**Exercise brief**
Every line below that holds the string "Libera" should be copied.

**Data records**
________________________
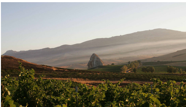
Fig. 2 A confiscated vineyard in Sicily, which reflects the idealisation and beauty of a landscape through the works of Libera Terra. The organisation uses various landscapes photographs with the products on these lands to mobilise more people and to take more public attention

“The products marked with “Libera Terra”, with their gusto of legality and responsibility, arrive to the houses and tables of the numerous Italians, and perhaps
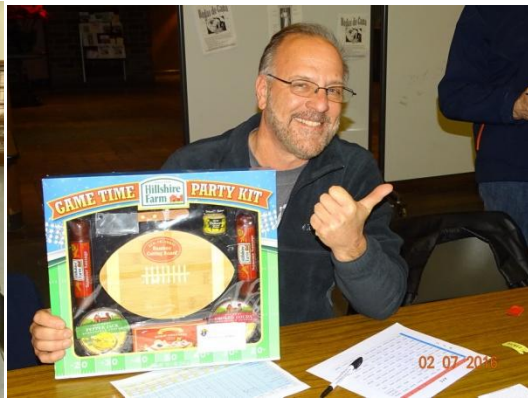
1st Yellow Ticket Winner
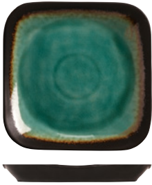
9" Square Plate No. BF-8 H1¾ 1 doz./20# • .8 cu. ft.
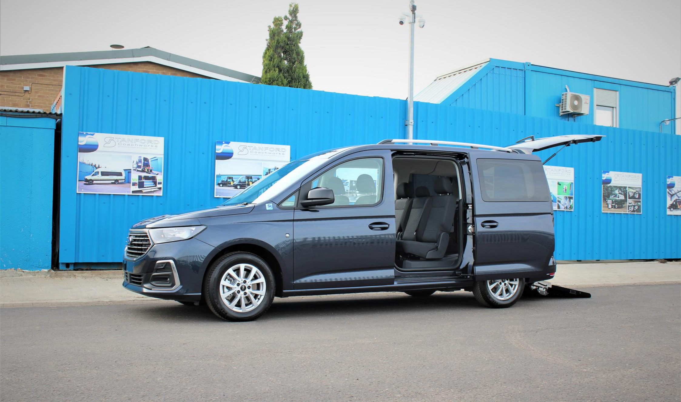
Ford Tourneo Connect L2 with twin side load doors.
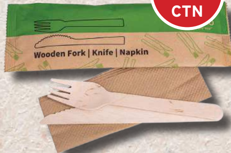
No. 16489 WOODEN CUTLERY SET - FORK / KNIFE / NAPKIN 400'S EJ ECO
________________________
**Output of the exercise**
Fig. 2 A confiscated vineyard in Sicily, which reflects the idealisation and beauty of a landscape through the works of Libera Terra. The organisation uses various landscapes photographs with the products on these lands to mobilise more people and to take more public attention
“The products marked with “Libera Terra”, with their gusto of legality and responsibility, arrive to the houses and tables of the numerous Italians, and perhaps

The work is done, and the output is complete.